WHAT IS REQUIRED: Pictures do not belong in the copy; print every entry exactly as it stands.

PROVIDED RECORDS:
▬▬▬▬▬▬

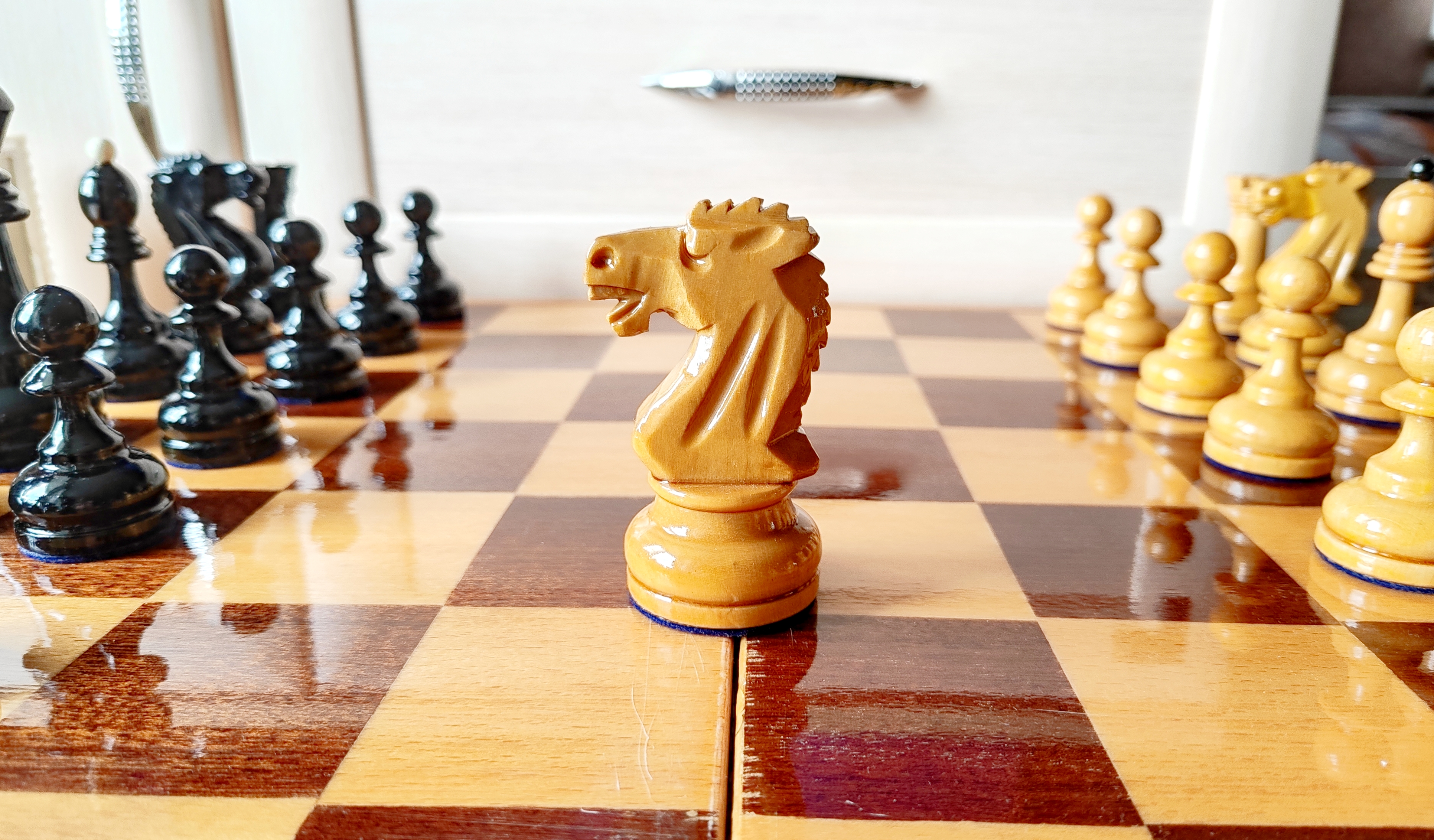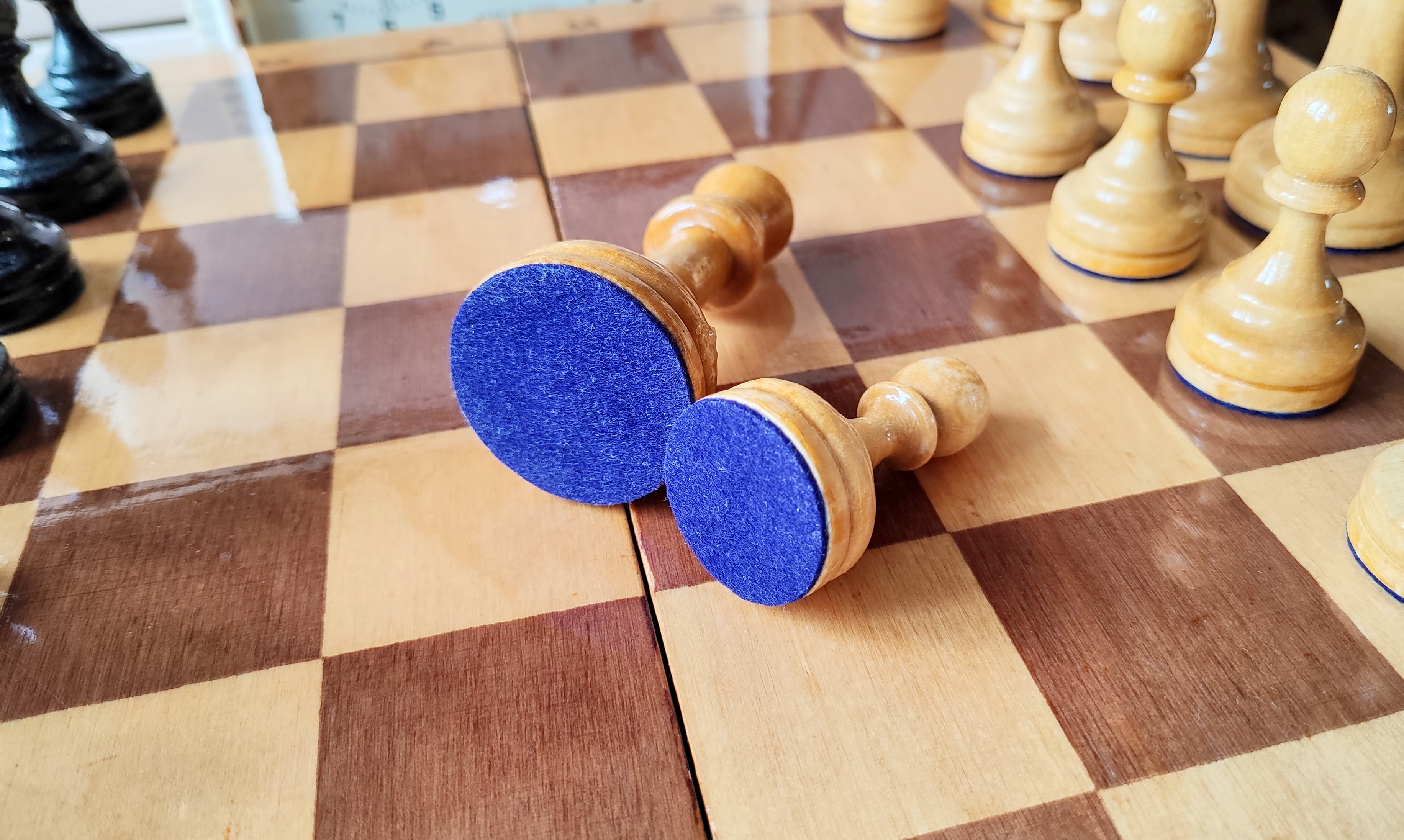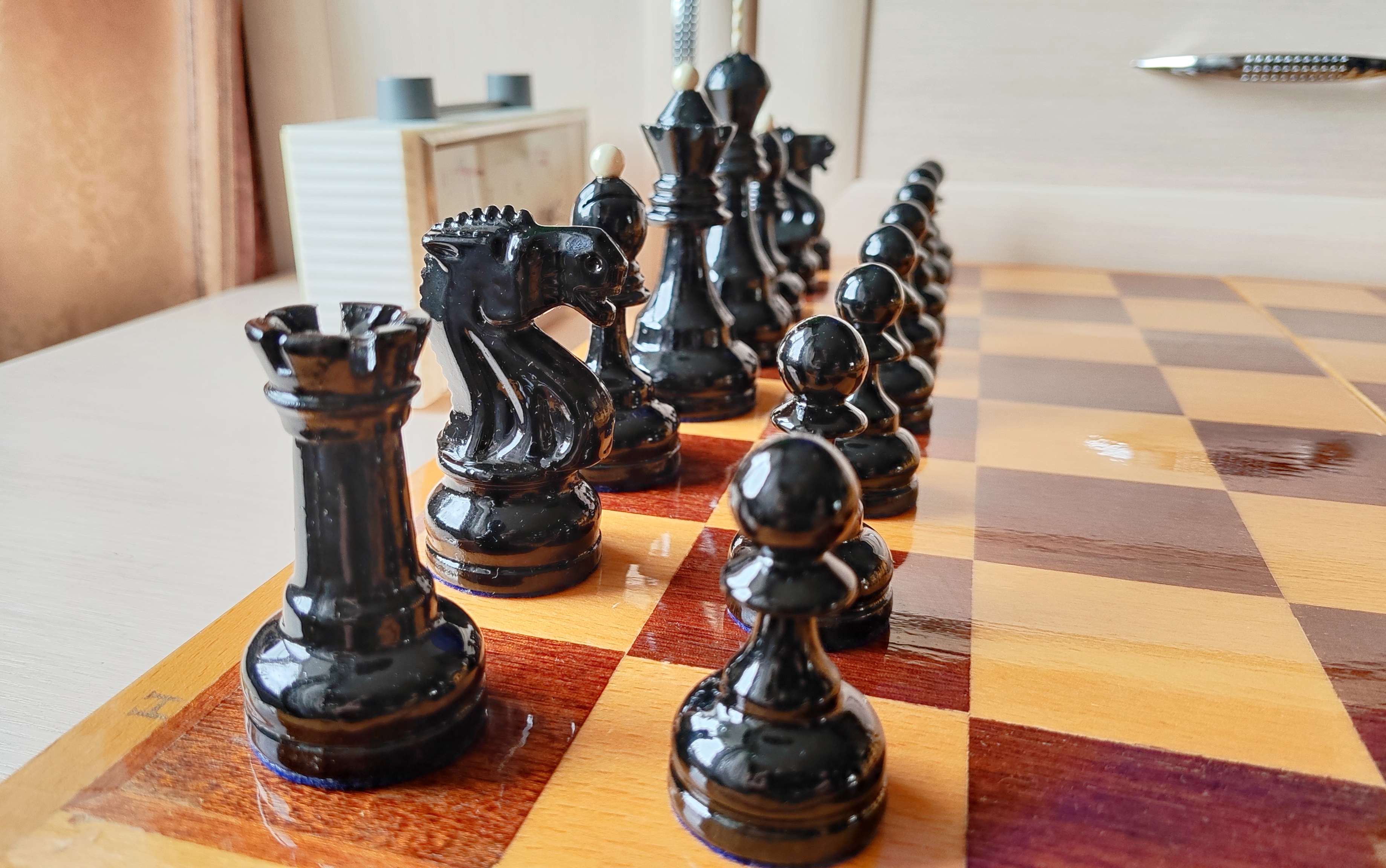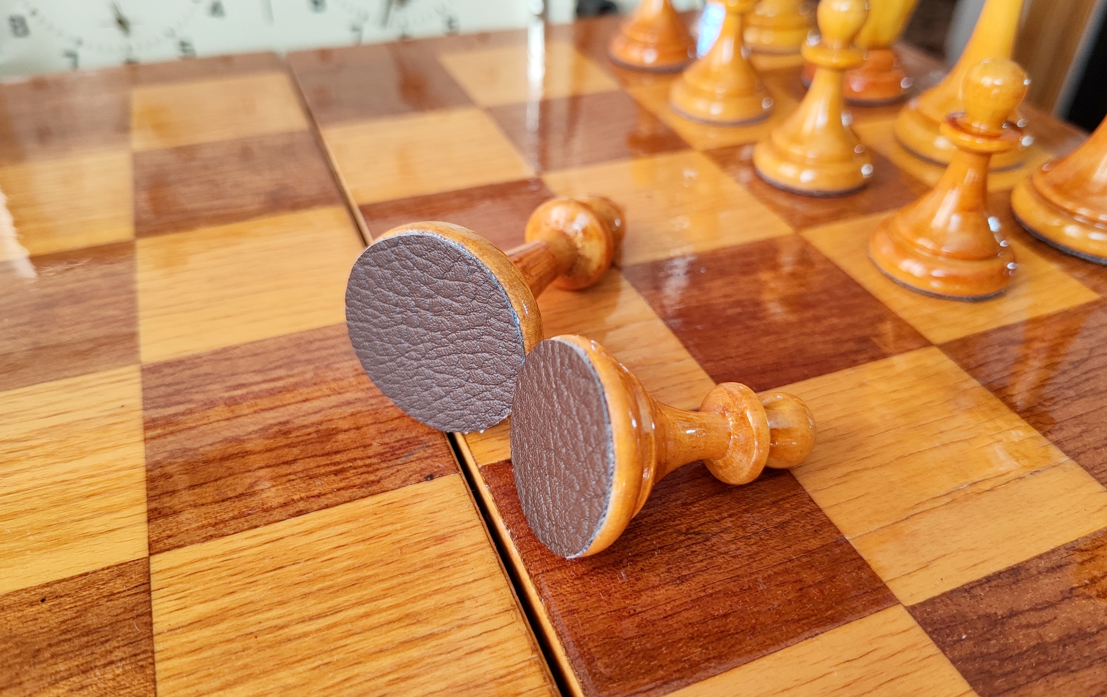 Из работ полная замена ЛКП, покрытие доски, подложки мебельный кожзам, ну и по мелочи ремонтные работы. На последнем фото пешка рядом с пешкой гроссов 2ВО, чтобы оценить миниатюрный размер малых Мордовских
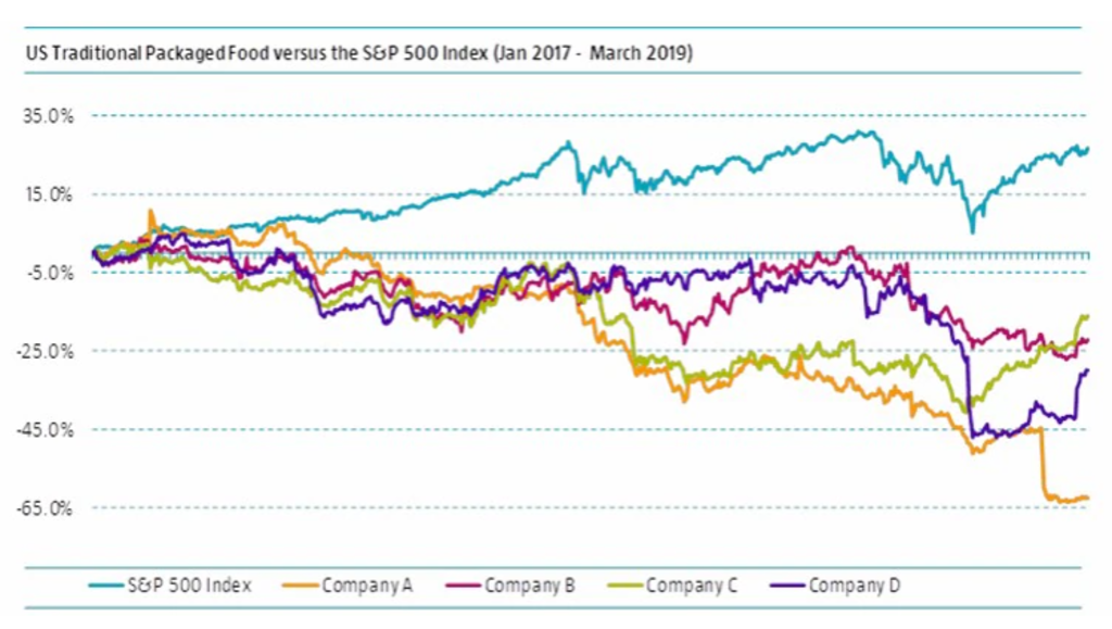 Or, les consommateurs sont beaucoup plus avertis aujourd’hui et choisissent des marques et des produits différents. Il n’est donc pas surprenant que les résultats de la plupart des sociétés agroalimentaires basées aux États-Unis baissent depuis au moins 2017 par rapport à l’indice S&P 500. Nombre de ces entreprises cherchent à réorienter leurs portefeuilles en procédant à des acquisitions.
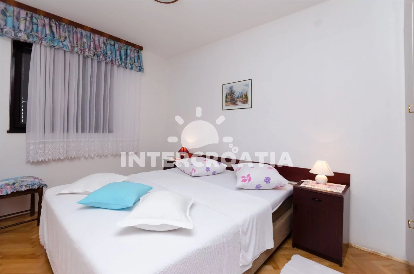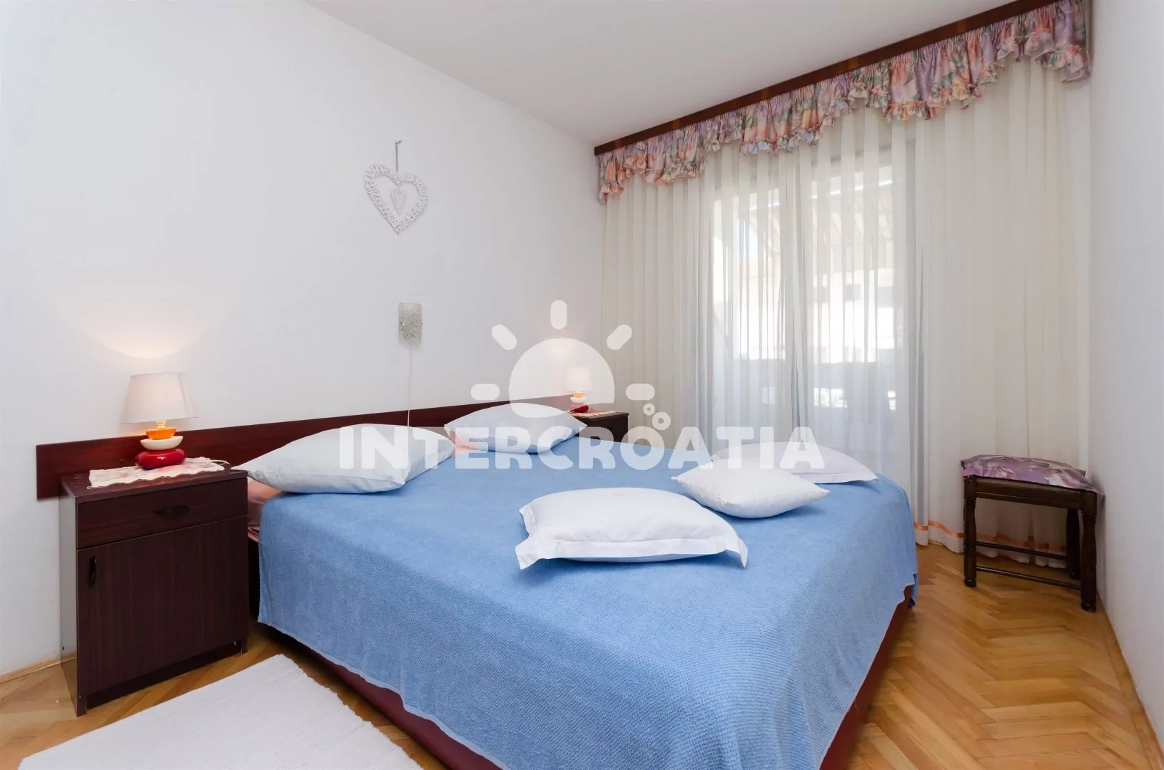 Apartmán umístěný ve zvýšeném přízemí, s terasou a výhledem do klidné ulice je vhodný pro 4 až 5 osob. Obývací pokoj je spojený s kuchyní. Kuchyňská linka je vybavena s varnou deskou, mikrovlnnou troubou, rychlovarnou konvicí, kávovarem, toustovačem, nádobím a lednicí s mrazákem. Obývací pokoj s jídelním stolem pro 4 osoby, rozložitelnou pohovkou (extra lůžko pro 1 osobu), televizí se satelitním programem a vstupem na balkon a terasu. První ložnice s dvoulůžkem a vstupem na terasu. Druhá ložnice s jedním dvoulůžkem. Koupelna se sprchovým koutem, umyvadlem, fénem a wc. Hostům je k dispozici parkování u objektu zdarma.
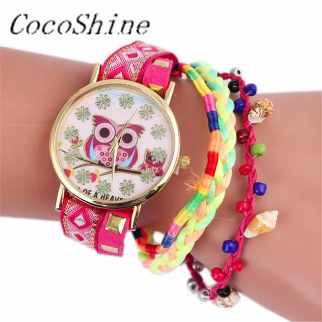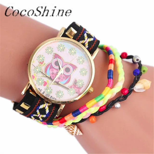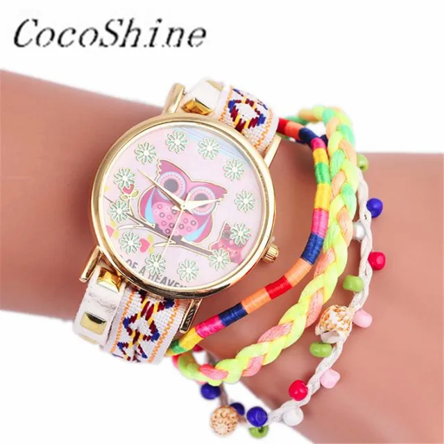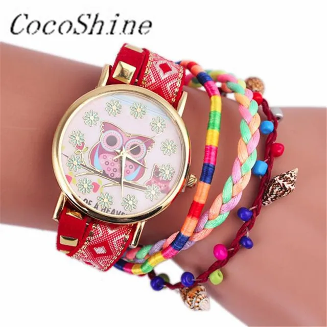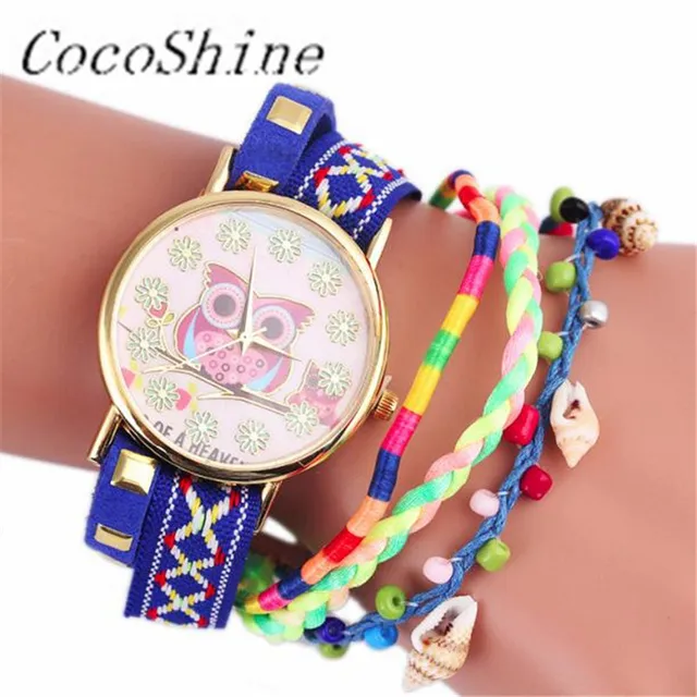 | [해외] CocoShine A-822 올빼미 패턴 뜨개질 다이얼 석영 캐주얼 손목 시계 팔찌 시계 도매 |
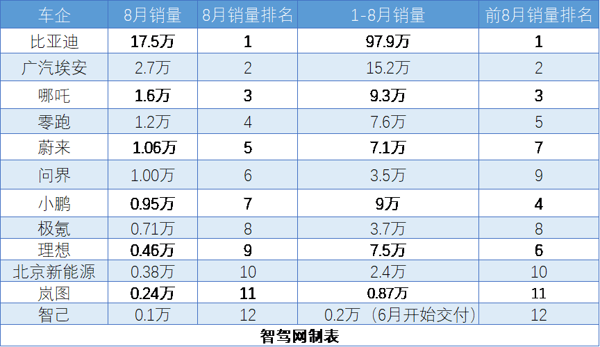 排名靠前的哪吒和零跑分别以16017辆、12525辆的成绩位列第一、第二,蔚来交付10677辆排名第三。

▬▬▬▬▬▬

THE ANSWER:
 Из работ полная замена ЛКП, покрытие доски, подложки мебельный кожзам, ну и по мелочи ремонтные работы. На последнем фото пешка рядом с пешкой гроссов 2ВО, чтобы оценить миниатюрный размер малых Мордовских
 Or, les consommateurs sont beaucoup plus avertis aujourd’hui et choisissent des marques et des produits différents. Il n’est donc pas surprenant que les résultats de la plupart des sociétés agroalimentaires basées aux États-Unis baissent depuis au moins 2017 par rapport à l’indice S&P 500. Nombre de ces entreprises cherchent à réorienter leurs portefeuilles en procédant à des acquisitions.
 Apartmán umístěný ve zvýšeném přízemí, s terasou a výhledem do klidné ulice je vhodný pro 4 až 5 osob. Obývací pokoj je spojený s kuchyní. Kuchyňská linka je vybavena s varnou deskou, mikrovlnnou troubou, rychlovarnou konvicí, kávovarem, toustovačem, nádobím a lednicí s mrazákem. Obývací pokoj s jídelním stolem pro 4 osoby, rozložitelnou pohovkou (extra lůžko pro 1 osobu), televizí se satelitním programem a vstupem na balkon a terasu. První ložnice s dvoulůžkem a vstupem na terasu. Druhá ložnice s jedním dvoulůžkem. Koupelna se sprchovým koutem, umyvadlem, fénem a wc. Hostům je k dispozici parkování u objektu zdarma.
 | [해외] CocoShine A-822 올빼미 패턴 뜨개질 다이얼 석영 캐주얼 손목 시계 팔찌 시계 도매 |
 排名靠前的哪吒和零跑分别以16017辆、12525辆的成绩位列第一、第二,蔚来交付10677辆排名第三。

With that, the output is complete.